The study also found that, despite the sector's adoption of many commercial business practices, academics remain reluctant to take marketing advice. Of the communications staff questioned, only half said they had a "good" or "excellent" relationship with academics.
David Roberts, one of the report's authors, said: "Universities are still compartmentalising marketing as something done by a small number of people to bring in students."
He added that marketing directors tend still to be excluded from the "top strategic table", which can lead to a focus on "spin".
The report identifies some clear divisions between and within the sectors of the three countries.
The communications chiefs in older research-intensive universities are twice as likely to be part of the executive management group as their counterparts in modern universities and colleges.
The largest marketing teams tend to be in Australia, but the report found that the UK was on equal terms when it came to international marketing efforts. "This may come as a surprise to the UK, which tends to think that Australian universities are better resourced for international recruitment," it says.

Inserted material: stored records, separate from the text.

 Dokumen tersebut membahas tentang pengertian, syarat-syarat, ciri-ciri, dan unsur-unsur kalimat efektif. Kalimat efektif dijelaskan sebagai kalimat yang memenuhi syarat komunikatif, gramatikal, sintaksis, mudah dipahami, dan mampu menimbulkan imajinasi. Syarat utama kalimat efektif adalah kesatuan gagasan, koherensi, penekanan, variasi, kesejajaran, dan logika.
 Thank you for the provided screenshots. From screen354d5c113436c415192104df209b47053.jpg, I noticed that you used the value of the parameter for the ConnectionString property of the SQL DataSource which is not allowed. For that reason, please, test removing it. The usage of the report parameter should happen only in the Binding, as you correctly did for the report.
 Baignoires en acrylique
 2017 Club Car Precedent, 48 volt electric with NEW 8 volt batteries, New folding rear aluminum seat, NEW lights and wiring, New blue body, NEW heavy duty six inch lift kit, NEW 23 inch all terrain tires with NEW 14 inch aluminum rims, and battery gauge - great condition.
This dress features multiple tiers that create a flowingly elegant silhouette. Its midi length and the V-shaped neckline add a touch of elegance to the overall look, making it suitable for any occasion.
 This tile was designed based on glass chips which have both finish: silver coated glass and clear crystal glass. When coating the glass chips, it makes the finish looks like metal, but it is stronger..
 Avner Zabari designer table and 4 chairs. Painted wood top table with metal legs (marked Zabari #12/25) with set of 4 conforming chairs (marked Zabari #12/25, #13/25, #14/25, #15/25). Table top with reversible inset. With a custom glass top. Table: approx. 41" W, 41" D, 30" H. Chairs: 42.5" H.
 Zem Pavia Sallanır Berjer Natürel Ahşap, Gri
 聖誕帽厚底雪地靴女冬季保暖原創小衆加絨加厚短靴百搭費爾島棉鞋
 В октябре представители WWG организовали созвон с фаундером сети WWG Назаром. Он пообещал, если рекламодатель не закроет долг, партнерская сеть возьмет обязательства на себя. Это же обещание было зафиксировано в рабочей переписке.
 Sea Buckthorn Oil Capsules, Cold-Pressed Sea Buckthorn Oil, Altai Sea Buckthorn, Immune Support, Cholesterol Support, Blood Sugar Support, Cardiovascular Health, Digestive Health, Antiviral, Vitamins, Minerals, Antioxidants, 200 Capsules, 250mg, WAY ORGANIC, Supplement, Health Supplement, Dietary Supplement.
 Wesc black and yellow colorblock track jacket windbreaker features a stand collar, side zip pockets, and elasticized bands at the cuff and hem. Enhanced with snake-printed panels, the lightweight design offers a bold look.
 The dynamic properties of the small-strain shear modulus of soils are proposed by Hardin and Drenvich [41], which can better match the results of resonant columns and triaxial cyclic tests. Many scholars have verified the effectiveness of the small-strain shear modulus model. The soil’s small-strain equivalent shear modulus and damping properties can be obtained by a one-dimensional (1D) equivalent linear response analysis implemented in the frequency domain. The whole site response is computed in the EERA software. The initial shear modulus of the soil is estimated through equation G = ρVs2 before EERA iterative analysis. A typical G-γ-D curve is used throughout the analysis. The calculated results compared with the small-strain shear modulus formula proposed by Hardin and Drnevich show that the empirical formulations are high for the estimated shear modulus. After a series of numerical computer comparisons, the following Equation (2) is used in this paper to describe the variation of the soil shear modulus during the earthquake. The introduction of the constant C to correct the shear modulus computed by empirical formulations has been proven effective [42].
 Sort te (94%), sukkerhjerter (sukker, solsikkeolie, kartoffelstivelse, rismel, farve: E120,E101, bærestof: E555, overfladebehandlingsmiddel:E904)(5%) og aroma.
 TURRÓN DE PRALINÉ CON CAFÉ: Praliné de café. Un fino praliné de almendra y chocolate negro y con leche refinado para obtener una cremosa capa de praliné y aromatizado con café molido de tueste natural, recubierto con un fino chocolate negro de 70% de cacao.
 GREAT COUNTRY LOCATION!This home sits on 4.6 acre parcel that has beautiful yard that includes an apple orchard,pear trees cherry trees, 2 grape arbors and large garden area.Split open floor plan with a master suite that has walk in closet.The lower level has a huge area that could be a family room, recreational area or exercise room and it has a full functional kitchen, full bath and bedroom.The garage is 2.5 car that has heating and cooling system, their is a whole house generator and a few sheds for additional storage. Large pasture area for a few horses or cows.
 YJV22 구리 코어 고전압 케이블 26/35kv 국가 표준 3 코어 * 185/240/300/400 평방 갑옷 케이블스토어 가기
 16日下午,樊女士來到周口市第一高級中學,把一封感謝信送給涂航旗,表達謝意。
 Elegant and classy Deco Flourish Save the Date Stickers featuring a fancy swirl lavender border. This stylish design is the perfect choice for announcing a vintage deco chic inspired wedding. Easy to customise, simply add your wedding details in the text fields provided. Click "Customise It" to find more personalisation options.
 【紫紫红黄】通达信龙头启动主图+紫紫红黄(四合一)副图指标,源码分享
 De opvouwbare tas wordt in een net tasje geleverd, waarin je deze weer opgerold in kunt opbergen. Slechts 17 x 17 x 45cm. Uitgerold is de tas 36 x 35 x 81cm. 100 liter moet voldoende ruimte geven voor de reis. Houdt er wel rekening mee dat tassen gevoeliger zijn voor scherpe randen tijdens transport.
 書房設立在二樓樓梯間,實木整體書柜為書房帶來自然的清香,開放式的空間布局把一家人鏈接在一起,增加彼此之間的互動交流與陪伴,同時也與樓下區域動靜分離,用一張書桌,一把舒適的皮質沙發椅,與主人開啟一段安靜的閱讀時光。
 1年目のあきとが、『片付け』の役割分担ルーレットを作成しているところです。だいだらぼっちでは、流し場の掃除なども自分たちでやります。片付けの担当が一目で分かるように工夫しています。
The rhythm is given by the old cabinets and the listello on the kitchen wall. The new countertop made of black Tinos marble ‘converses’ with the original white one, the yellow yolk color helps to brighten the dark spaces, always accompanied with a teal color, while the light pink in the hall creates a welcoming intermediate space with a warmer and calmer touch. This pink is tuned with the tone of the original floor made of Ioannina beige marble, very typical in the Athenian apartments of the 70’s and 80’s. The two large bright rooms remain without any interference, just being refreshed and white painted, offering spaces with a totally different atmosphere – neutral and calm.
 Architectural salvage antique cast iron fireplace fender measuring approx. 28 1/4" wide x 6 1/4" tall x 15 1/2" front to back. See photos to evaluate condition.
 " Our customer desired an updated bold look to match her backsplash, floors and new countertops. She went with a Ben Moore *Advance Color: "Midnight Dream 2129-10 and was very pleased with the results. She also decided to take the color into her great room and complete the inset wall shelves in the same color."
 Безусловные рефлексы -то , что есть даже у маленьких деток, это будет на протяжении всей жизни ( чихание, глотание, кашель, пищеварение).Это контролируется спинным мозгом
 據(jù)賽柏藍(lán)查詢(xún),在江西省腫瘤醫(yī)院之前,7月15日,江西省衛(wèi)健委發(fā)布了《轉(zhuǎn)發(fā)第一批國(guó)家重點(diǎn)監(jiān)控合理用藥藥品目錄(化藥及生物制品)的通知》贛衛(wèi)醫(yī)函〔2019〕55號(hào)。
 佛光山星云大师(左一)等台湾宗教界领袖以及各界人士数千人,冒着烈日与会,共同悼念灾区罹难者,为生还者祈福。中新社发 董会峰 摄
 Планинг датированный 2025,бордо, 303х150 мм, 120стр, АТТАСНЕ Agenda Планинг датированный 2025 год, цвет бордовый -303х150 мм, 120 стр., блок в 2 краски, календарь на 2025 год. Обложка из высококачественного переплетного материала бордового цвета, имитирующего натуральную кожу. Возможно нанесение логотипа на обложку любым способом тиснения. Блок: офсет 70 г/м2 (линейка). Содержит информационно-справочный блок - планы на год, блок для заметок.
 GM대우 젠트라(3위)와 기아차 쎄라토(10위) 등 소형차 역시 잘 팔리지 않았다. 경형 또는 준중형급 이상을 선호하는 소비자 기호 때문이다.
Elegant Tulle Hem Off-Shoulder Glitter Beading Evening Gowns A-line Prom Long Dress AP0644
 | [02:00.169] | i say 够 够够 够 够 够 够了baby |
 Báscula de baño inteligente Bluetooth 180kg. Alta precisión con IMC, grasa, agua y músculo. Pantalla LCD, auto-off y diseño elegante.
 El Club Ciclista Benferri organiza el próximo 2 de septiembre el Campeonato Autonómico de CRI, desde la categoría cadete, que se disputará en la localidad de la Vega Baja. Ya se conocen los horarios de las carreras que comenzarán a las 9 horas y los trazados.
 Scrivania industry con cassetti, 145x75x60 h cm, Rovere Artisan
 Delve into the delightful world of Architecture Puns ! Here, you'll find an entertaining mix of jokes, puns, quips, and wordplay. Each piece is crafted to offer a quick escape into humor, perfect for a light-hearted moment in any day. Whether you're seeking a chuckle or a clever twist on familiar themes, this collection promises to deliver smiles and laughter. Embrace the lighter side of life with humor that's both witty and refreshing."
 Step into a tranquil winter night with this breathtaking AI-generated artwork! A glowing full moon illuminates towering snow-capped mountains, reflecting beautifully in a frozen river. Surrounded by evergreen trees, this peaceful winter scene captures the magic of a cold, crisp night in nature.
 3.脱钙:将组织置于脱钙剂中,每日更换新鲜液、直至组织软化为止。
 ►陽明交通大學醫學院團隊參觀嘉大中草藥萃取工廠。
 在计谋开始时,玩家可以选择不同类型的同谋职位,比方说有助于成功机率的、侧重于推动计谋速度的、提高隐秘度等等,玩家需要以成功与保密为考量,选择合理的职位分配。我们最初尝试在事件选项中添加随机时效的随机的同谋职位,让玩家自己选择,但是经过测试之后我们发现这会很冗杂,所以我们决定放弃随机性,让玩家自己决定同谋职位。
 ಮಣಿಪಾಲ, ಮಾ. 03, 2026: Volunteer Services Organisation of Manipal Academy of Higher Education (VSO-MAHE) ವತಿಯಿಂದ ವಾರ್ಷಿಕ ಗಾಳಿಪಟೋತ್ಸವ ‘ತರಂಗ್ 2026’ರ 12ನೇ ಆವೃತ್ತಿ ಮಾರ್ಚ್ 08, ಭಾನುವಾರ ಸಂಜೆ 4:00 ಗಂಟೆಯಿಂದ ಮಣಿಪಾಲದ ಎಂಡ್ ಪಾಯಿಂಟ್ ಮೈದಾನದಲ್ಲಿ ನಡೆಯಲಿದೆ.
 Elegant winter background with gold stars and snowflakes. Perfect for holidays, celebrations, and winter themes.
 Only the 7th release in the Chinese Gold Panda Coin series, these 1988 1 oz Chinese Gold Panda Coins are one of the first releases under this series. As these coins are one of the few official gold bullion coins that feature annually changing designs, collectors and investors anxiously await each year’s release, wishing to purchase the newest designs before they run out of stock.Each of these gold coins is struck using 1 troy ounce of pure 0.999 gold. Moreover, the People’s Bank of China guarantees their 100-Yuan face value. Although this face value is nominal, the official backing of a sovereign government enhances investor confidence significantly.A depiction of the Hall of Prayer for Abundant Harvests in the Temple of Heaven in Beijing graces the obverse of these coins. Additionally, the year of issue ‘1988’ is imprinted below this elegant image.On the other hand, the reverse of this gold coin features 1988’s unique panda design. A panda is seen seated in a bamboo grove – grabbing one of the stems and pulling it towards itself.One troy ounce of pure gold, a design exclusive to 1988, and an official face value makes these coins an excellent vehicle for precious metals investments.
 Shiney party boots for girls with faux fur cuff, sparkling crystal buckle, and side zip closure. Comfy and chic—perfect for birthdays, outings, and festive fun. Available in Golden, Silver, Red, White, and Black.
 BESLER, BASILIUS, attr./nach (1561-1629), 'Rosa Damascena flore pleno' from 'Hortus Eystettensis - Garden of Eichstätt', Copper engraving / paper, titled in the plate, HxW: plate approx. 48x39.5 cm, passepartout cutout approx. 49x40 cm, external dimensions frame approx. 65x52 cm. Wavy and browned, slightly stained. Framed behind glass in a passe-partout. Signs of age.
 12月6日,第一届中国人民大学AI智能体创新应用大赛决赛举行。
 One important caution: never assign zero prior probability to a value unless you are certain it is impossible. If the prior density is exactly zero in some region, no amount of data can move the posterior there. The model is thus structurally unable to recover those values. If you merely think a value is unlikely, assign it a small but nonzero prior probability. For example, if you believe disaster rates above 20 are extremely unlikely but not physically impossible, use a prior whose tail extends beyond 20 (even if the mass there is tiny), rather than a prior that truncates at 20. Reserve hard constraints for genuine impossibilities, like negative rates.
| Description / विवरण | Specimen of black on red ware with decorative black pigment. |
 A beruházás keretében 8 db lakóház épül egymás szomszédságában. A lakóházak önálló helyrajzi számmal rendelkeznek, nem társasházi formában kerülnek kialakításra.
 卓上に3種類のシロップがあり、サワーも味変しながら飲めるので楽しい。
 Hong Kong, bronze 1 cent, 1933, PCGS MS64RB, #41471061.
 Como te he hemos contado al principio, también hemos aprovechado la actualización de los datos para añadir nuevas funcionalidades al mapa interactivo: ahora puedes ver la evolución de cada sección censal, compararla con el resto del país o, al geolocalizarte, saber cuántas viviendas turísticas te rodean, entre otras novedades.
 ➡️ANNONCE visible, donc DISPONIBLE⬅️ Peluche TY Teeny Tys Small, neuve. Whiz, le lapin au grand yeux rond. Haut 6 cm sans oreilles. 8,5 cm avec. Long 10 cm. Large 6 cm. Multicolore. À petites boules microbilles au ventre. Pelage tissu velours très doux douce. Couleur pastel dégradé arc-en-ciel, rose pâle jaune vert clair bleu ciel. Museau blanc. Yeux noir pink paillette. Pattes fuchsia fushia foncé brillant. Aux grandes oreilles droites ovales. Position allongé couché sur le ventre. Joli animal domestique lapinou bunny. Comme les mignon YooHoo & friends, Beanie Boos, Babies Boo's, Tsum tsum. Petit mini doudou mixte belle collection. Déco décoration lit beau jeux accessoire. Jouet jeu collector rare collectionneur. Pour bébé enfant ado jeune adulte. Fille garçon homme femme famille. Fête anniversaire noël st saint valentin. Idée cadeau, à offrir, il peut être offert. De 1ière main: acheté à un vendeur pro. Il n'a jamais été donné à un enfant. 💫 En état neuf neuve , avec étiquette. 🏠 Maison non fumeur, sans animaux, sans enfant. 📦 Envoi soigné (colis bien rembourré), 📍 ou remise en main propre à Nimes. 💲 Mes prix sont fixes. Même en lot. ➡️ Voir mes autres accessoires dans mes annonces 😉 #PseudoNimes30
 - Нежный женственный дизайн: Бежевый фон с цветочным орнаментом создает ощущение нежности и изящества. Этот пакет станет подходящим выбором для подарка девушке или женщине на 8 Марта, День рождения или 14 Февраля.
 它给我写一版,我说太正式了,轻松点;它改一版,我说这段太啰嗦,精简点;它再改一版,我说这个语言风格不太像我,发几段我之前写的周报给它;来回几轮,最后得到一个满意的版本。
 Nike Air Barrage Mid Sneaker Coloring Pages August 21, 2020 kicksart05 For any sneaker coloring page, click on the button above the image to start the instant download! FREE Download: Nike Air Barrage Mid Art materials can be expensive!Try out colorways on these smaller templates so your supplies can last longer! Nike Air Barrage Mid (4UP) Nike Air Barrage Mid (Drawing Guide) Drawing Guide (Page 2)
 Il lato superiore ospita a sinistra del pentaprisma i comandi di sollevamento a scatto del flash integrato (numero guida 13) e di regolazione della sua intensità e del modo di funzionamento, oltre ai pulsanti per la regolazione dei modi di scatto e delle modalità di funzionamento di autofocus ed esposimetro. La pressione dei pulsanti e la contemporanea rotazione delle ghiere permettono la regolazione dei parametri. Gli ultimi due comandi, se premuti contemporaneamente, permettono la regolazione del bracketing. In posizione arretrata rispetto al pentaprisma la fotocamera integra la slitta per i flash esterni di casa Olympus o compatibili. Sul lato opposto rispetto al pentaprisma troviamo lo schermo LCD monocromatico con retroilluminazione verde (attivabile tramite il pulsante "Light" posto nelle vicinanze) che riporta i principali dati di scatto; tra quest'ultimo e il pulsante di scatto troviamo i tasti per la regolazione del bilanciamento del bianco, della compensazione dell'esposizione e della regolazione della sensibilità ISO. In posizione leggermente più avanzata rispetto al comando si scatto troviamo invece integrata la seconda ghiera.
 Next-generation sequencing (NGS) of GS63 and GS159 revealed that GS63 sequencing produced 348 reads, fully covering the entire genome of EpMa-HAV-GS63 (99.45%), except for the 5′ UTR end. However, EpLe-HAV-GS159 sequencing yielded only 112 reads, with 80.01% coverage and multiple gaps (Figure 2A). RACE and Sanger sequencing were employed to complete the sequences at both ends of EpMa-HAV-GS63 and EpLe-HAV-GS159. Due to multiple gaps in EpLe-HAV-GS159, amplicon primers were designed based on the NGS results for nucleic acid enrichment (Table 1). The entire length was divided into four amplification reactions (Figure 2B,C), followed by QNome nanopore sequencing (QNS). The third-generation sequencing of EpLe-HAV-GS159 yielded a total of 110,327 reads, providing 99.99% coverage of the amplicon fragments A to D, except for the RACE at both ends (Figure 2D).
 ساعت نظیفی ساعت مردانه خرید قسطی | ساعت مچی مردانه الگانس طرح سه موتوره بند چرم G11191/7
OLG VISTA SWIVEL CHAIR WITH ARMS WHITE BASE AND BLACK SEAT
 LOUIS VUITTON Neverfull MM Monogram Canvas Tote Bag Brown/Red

Financially, marketing departments fare better in the UK, where the average annual budget is £1.2 million, than they do in Australia (£980,000) or New Zealand (£678,000). The authors suggest that this may reflect the greater competition between institutions in the UK.
However, marketing directors are, on average, better paid in Australia.
•The Royal College of Art has become the first higher education institution to have its "brand" valued officially. According to the consultancy Interbrand, "brand RCA" is worth some £57 million.
The RCA - which this week confirmed that it had appointed Paul Thompson, director of the Smithsonian Institution's National Design Museum, its new rector - said the exercise has put "a monetary value on the very many intangible benefits" of the college's international reputation. The valuation will form part of a broader submission to the Higher Education Funding Council for England to maintain the college's funding.